TASK BRIEF — Copy the records below in full, keeping each word as it is but omitting the pictures.

┌─ PROVIDED DATA

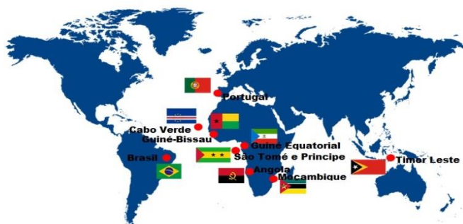
Figura 1 - O mundo da lusofonia

Futuros servidores , a vigência obrigatória do novo Acordo Ortográfico da Língua Portuguesa passou a valer a partir do dia 1º de janeiro de 2016 . Sua implementação estava prevista para 2013, mas o governo brasileiro adiou a medida para alinhar o cronograma com o de outros países lusófonos 1 e dar prazo maior para a adaptação da população.
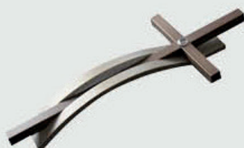
51 III s.1 Høyde 25 cm Bronse
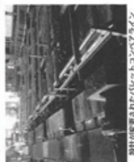
設計が変更されたパレットコンベアライン

コスト削減要求や、材料価格、電気使用量の高騰による製造原価の上昇、海外との価格競争、労働環境の問題などにより後継者不足で廃業を余儀なくされる会社が多い。その中で、同社は現在名古屋市内で唯一、大手工作機械メーカー向けに約5千種類の小物鋳物部品(100g〜1000g)を製造する。
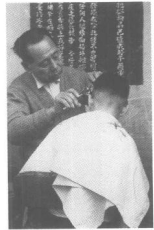
60年代的街頭理髮攤
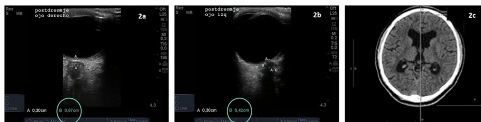
Figura 2 Ecografía de la VNO posdrenaje: diámetro lado derecho (a) 0,68-0,65 cm (disminución en relación con inicial) y lado izquierdo (b) 0,44-0,42 cm (normal). Resonancia magnética de control al mes (c): disminución del tamaño del sistema ventricular con disminución de la hiperintensidad circundante.
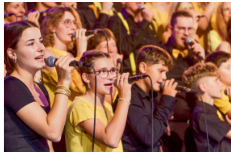
Der Chor Amazonas Kids & Juniors steht für Gemeinschaft, musikalische Qualität und vor allem für Spass am gemeinsamen Singen.

Singbegeisterte Kinder und Jugendliche aus der Region haben an zwei Samstagen im März die Gelegenheit, unverbindlich Chorluft zu schnuppern. Am 14. und 21. März öffnet der Chor Amazonas seine Türen an der Gallusstrasse 5b in Steinach für alle, die Freude am Singen haben – eine Voranmeldung ist nicht erforderlich. Für Kinder ab sieben Jahren findet an beiden Tagen jeweils um 10.30 Uhr ein einstündiger Sing-Workshop statt. Spielerisch und mit viel Begeisterung

└─

EXERCISE RESPONSE —
Figura 1 - O mundo da lusofonia

Futuros servidores , a vigência obrigatória do novo Acordo Ortográfico da Língua Portuguesa passou a valer a partir do dia 1º de janeiro de 2016 . Sua implementação estava prevista para 2013, mas o governo brasileiro adiou a medida para alinhar o cronograma com o de outros países lusófonos 1 e dar prazo maior para a adaptação da população.
51 III s.1 Høyde 25 cm Bronse
設計が変更されたパレットコンベアライン

コスト削減要求や、材料価格、電気使用量の高騰による製造原価の上昇、海外との価格競争、労働環境の問題などにより後継者不足で廃業を余儀なくされる会社が多い。その中で、同社は現在名古屋市内で唯一、大手工作機械メーカー向けに約5千種類の小物鋳物部品(100g〜1000g)を製造する。
60年代的街頭理髮攤
Figura 2 Ecografía de la VNO posdrenaje: diámetro lado derecho (a) 0,68-0,65 cm (disminución en relación con inicial) y lado izquierdo (b) 0,44-0,42 cm (normal). Resonancia magnética de control al mes (c): disminución del tamaño del sistema ventricular con disminución de la hiperintensidad circundante.
Der Chor Amazonas Kids & Juniors steht für Gemeinschaft, musikalische Qualität und vor allem für Spass am gemeinsamen Singen.

Singbegeisterte Kinder und Jugendliche aus der Region haben an zwei Samstagen im März die Gelegenheit, unverbindlich Chorluft zu schnuppern. Am 14. und 21. März öffnet der Chor Amazonas seine Türen an der Gallusstrasse 5b in Steinach für alle, die Freude am Singen haben – eine Voranmeldung ist nicht erforderlich. Für Kinder ab sieben Jahren findet an beiden Tagen jeweils um 10.30 Uhr ein einstündiger Sing-Workshop statt. Spielerisch und mit viel Begeisterung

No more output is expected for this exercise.